++++ Task input ++++

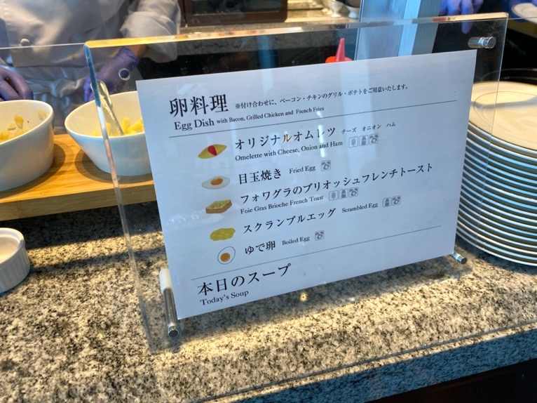 朝食の時間になると、ラウンジ内にエッグステーションが設けられます。こちらでは、目の前でシェフが出来立ての卵料理を調理して提供いただくことができます。朝食ならではの醍醐味ですね。
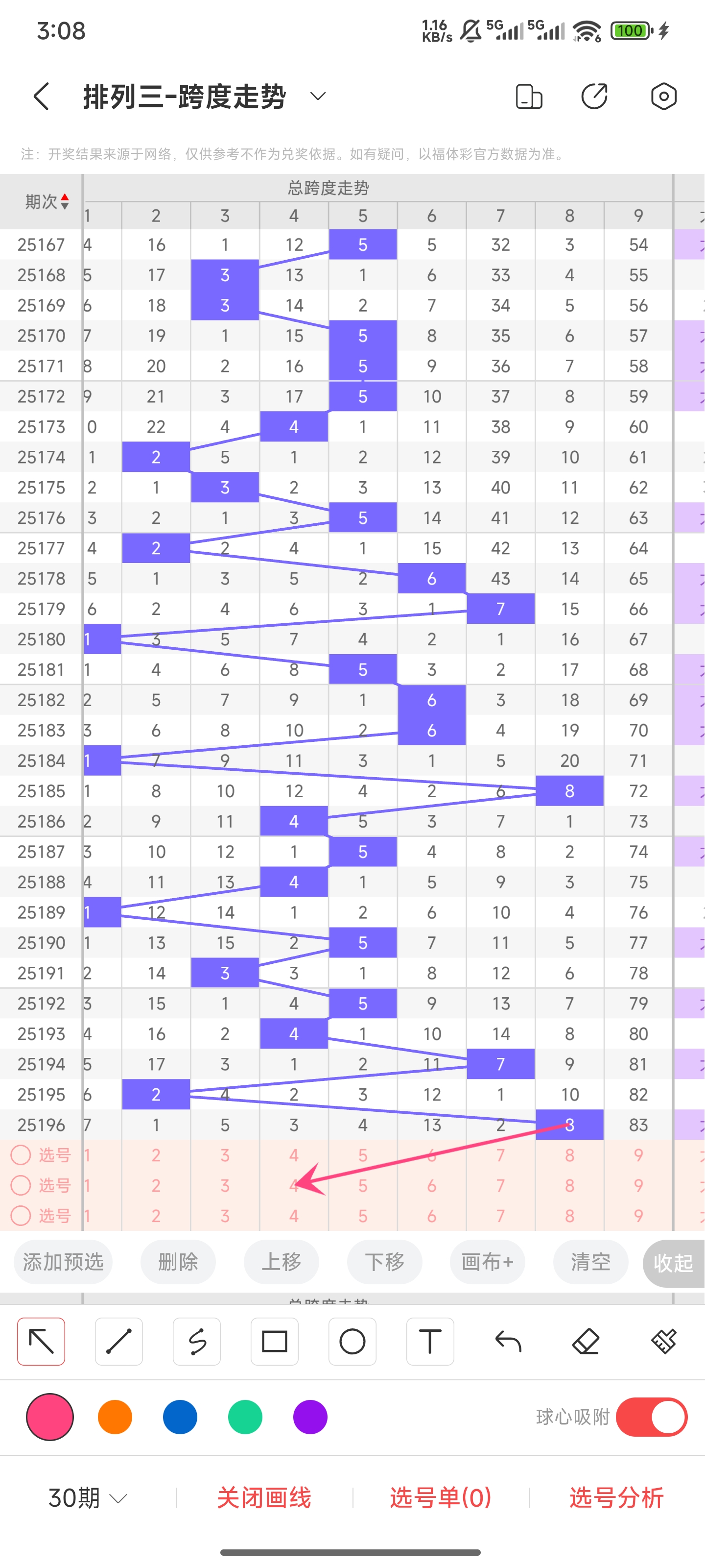 上期跨度为8,往前一期跨度是2,跨度往右偏移了6个点,偏移比较大。又因为跨度8已经是比较大的跨度了,通过分析走势图,目前比较大概率跨度是往左的了,所以推测本期跨度可能为34567等跨度。
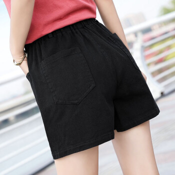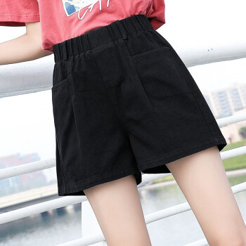 短裤>>【2件特价】右昀 短裤女夏2020新款韩版高腰显瘦阔腿休闲宽松三分学生薄款热裤女大码牛仔短裤 黑色 L【适合105-115斤】
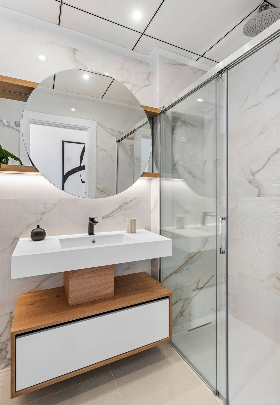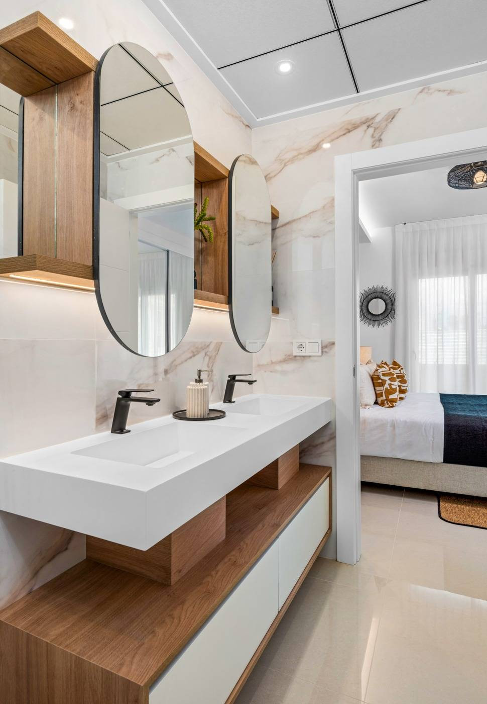 Each bedroom is designed for comfort, with built-in wardrobes and large windows that fill the rooms with natural light. The bathrooms are stylish and contemporary, featuring marble-effect finishes and high-quality fixtures.
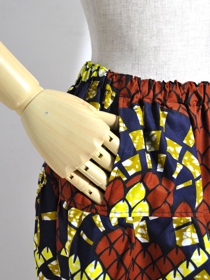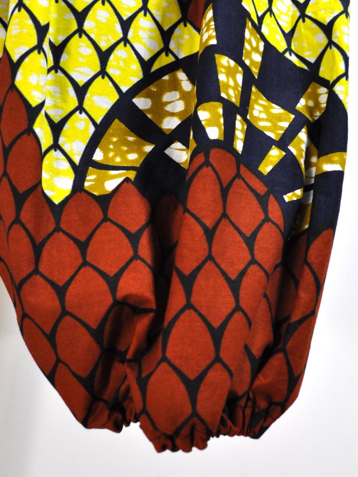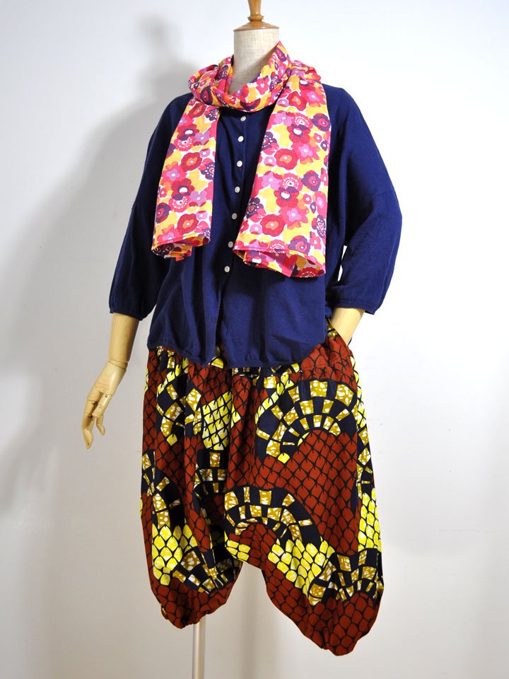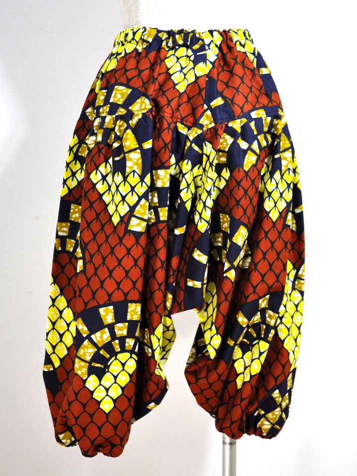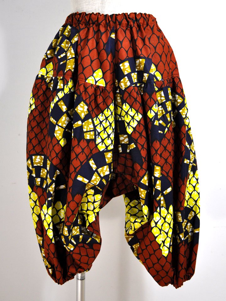 アフリカンプリントでつくった、ショート丈のサルエルパンツです。
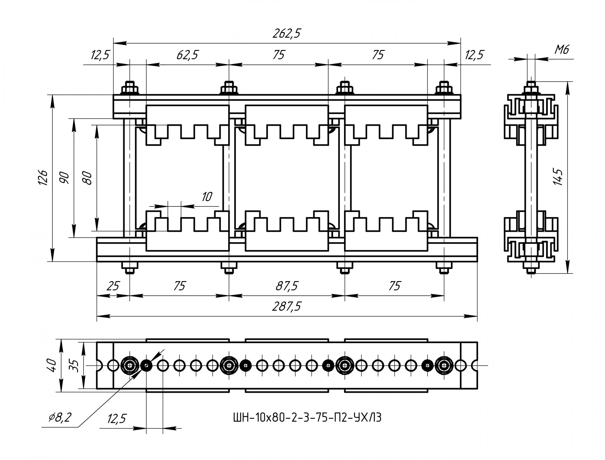 Шинодержатель ШН-10х80-2-3-75-П2-УХЛ3 - шинодержатель наборный с полной комплектацией и с двойными рейками, который предназначен для закрепления плоских токоведущих шин в электроустановках различного назначения и организации шинных трасс на напряжение до 1000 В переменного тока частотой 50, 60 Гц.
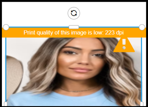 If you upload and use an image that has a low resolution it impacts the print quality, a Warning (exclamation mark) is displayed on the image, select the image on the canvas to view more details about the warning:
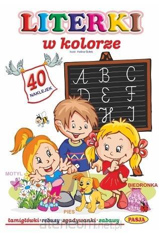 Książka edukacyjna. Ćwiczenia w pisaniu liter. Zadania logiczne - zgadywanki, rebusy, łamigłówki, s. 40, format A4, zestaw naklejek samoprzylepnych, broszura klejona.

++++

Task requirements
Give every line above again exactly, omitting whatever pictures appear.

Result of the task
 朝食の時間になると、ラウンジ内にエッグステーションが設けられます。こちらでは、目の前でシェフが出来立ての卵料理を調理して提供いただくことができます。朝食ならではの醍醐味ですね。
 上期跨度为8,往前一期跨度是2,跨度往右偏移了6个点,偏移比较大。又因为跨度8已经是比较大的跨度了,通过分析走势图,目前比较大概率跨度是往左的了,所以推测本期跨度可能为34567等跨度。
 短裤>>【2件特价】右昀 短裤女夏2020新款韩版高腰显瘦阔腿休闲宽松三分学生薄款热裤女大码牛仔短裤 黑色 L【适合105-115斤】
 Each bedroom is designed for comfort, with built-in wardrobes and large windows that fill the rooms with natural light. The bathrooms are stylish and contemporary, featuring marble-effect finishes and high-quality fixtures.
 アフリカンプリントでつくった、ショート丈のサルエルパンツです。
 Шинодержатель ШН-10х80-2-3-75-П2-УХЛ3 - шинодержатель наборный с полной комплектацией и с двойными рейками, который предназначен для закрепления плоских токоведущих шин в электроустановках различного назначения и организации шинных трасс на напряжение до 1000 В переменного тока частотой 50, 60 Гц.
 If you upload and use an image that has a low resolution it impacts the print quality, a Warning (exclamation mark) is displayed on the image, select the image on the canvas to view more details about the warning:
 Książka edukacyjna. Ćwiczenia w pisaniu liter. Zadania logiczne - zgadywanki, rebusy, łamigłówki, s. 40, format A4, zestaw naklejek samoprzylepnych, broszura klejona.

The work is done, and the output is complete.